Introduction

With the development of science and technology, a single-performance material cannot meet the requirements of modern industry. Bimetallic composite materials can combine the advantages of various components, resulting in a better performance in general (Ref 1, 2). The Cu-Al bimetallic composite plates have the excellent electrical conductivity, thermal conductivity of the copper and lightweight, corrosion resistance and economy of aluminum (Ref 3). Therefore, Cu-Al bimetallic composite plates can be applied not only to the field of signal transmission and power transmission, but also widely to aviation, petroleum, chemical, shipbuilding and other industrial areas (Ref 4,5,6).

At present, Cu-Al composite materials can be produced through Cu-Al surface welding (Ref 7), explosive composite (Ref 8), rolling composite (Ref 9), core continuous casting (Ref 10), etc. However, cast-rolling method has more advantages, such as low energy consumption, cost-effectiveness and good quality. Without changing the original conductivity of Cu and Al, the cast-rolling composite technology can achieve metallurgical bonding between copper and aluminum interfaces and obtain high interfacial bonding strength. Some intermetallic compounds, such as CuAl2, Cu9Al4 and CuAl, would be formed in the composite process of high-temperature aluminum liquid and copper plate. The secondary intermetallic compound formed under extreme conditions significantly deteriorates the interfacial bonding strength of the composite (Ref 11, 12), resulting in a decrease in bonding strength and bending properties of the composite sheet and deterioration in electrical conductivity. Therefore, it is necessary to control the diffusion reaction to obtain the complete interfacial bond, thus extending the applications of Cu-Al clad materials.

Chen et al. (Ref 13) studied the effects of heat treatment on the interfacial structure of Al-Cu prepared by cold rolling and revealed the structural development and growth dynamics of the interface. Lee et al. (Ref 14) fabricated copper–aluminum composite sheets by hot-pressing method, analyzed the mechanical properties of CuAl2, Cu9Al4 and CuAl phases by nanometer hardness tester and studied the crystal structure of three phases in detail. RAWERS and PERRY (Ref 15) studied the strengthening and toughening effects on the bridge-crack deformation mechanism using the tensile tests of brittle intermetallic/ductile metallic microlaminates.
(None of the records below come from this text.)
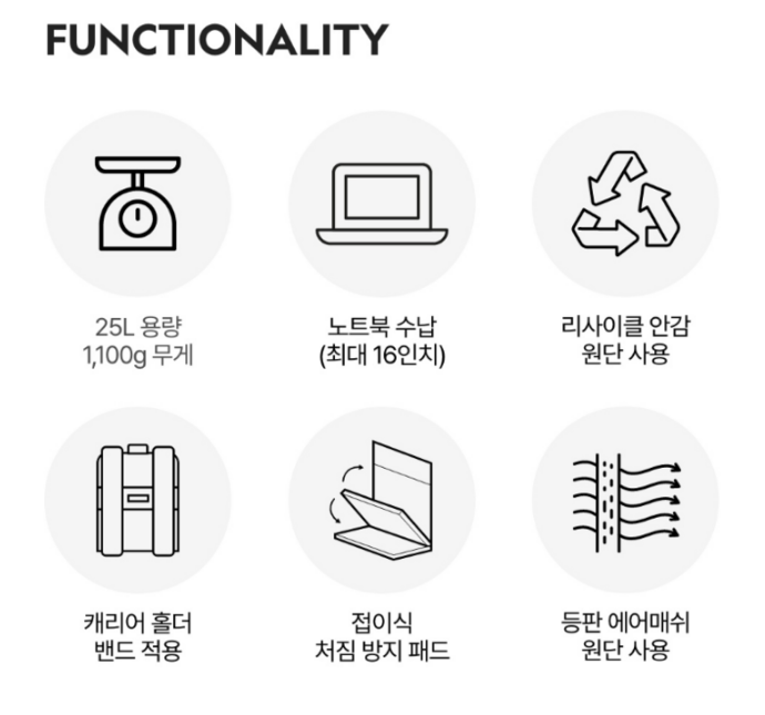 최근 제가 구매한 내셔널지오그래픽 25L 백팩은 노트북은 물론 두꺼운 책, 물병, 운동화까지 수납할 수 있어
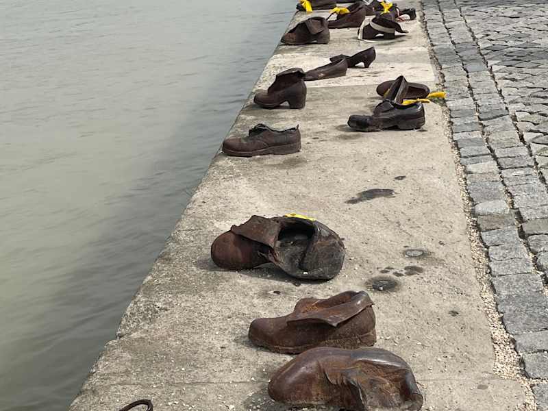 Am Donauufer unterhalb des Parlaments ist ein Mahnmal für die Opfer des Nationalsozialismus. Es ist sehr schlicht und geht gerade deshalb unter die Haut. An dem Ufer mussten die Opfer die Schuhe ausziehen bevor sie erschossen wurden und in die Donau geworfen wurden. Das ist die Begründung der Schuhe (grosse, kleine, Männer Frauen und Kinder-Schuhe)
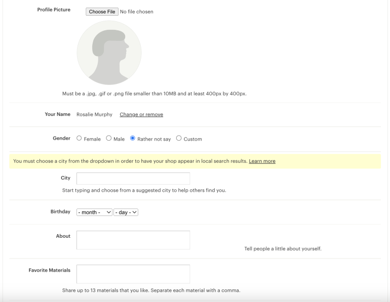 Here are a few sections you can fill out to ensure that your Etsy shop opens (and runs) successfully:
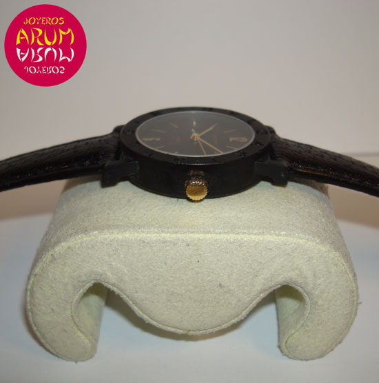 Description :limited edition to 400 units per city, Carbon, black dial, bezel with Bulgari letters, sapphire crystal, automatic movement, central second, date at three, diameter 34 mm, screw crown, transparent caseback, leather strap, buckle closure .

Although some scholars have done some research on annealing process, there are few reports about the interfacial microstructure and structure of Cu-Al composite plate produced by cast-rolling technology. This essay aims to analyze the interface phase species and explore the crystallographic orientation relationship between the matrix Al and interfacial layer.

Experimental

Preparation Process

Experiments were carried out using 1050 industrial Al liquid and 1-mm-thick T2 pure Cu. As shown in Fig. 1, the pure Cu plate had a cross-sectional dimension of 1000 mm × 1 mm, and the oil was removed by degreasing. Then, the pure Cu plate was cleaned with 20% HCl solution and dried and then with acetone. The solution cleaned and dried quickly. The cleaned Cu plate was placed in a heating furnace for annealing in order to eliminate inside stress. Al liquid of 800 °C pure was degassed again and held for 15 min. Then, the aluminum liquid was placed in the cast device for storing the aluminum liquid and left until change to semi-molten state to allow the aluminum liquid to flow out from the preheated nozzle. Cu was preheated to 200 °C, and semi-solid Al was poured onto a two-roll microvibratory casting mill to obtain a Cu-Al composite panel with the width of 8 mm. As shown in Fig. 1, the wire was cut into 10 mm × 10 mm × 8 mm samples and then was ground by sandpaper and polished by mechanical.

Fig. 1
figure 1

Diagram of Cu-Al composite plate by cast-rolling process

Full size image

Characterization

The diffusion of the interface region was observed by a scanning electron microscope (SEM) equipped with energy-dispersive spectroscopy (EDS). Bruker D8 x-ray diffraction (XRD) was used to identify the phase of the exfoliated sample interface, with the following parameters: CuK alpha radiation is in the scanning range of 35 kV, 25 mA and 14-92°. The intermetallic compound was analyzed by JEM-2100 transmission electron microscopy (TEM). Atomic micrographs at the interface between Cu and Al and within matrix were characterized by a high-resolution transmission electron microscope (HRTEM).

Results and Discussion

Interface Organization and Phase Analysis

Figure 2(a) and (b) shows the SEM images of Cu-Al interfaces. As can be seen from Fig. 2(a), the interface is straight and clean and has no fragmentation. Figure 2(b) is a scan line of the corresponding position in Fig. 2(a). Cu and Al are tightly integrated (Fig. 2a), and the Cu atoms and Al atoms diffuse with each other (Fig. 2b). Therefore, the bonding of interface can be realized through the method of metallurgy bonding. It is also observed that the diffusion of Al atoms has a certain small step at the interface, as shown in A area in Fig. 2(b), indicating that there is a diffusion layer at the interface. The thickness of the diffusion layer is determined by the intermetallic compound and atomic migration at the interface.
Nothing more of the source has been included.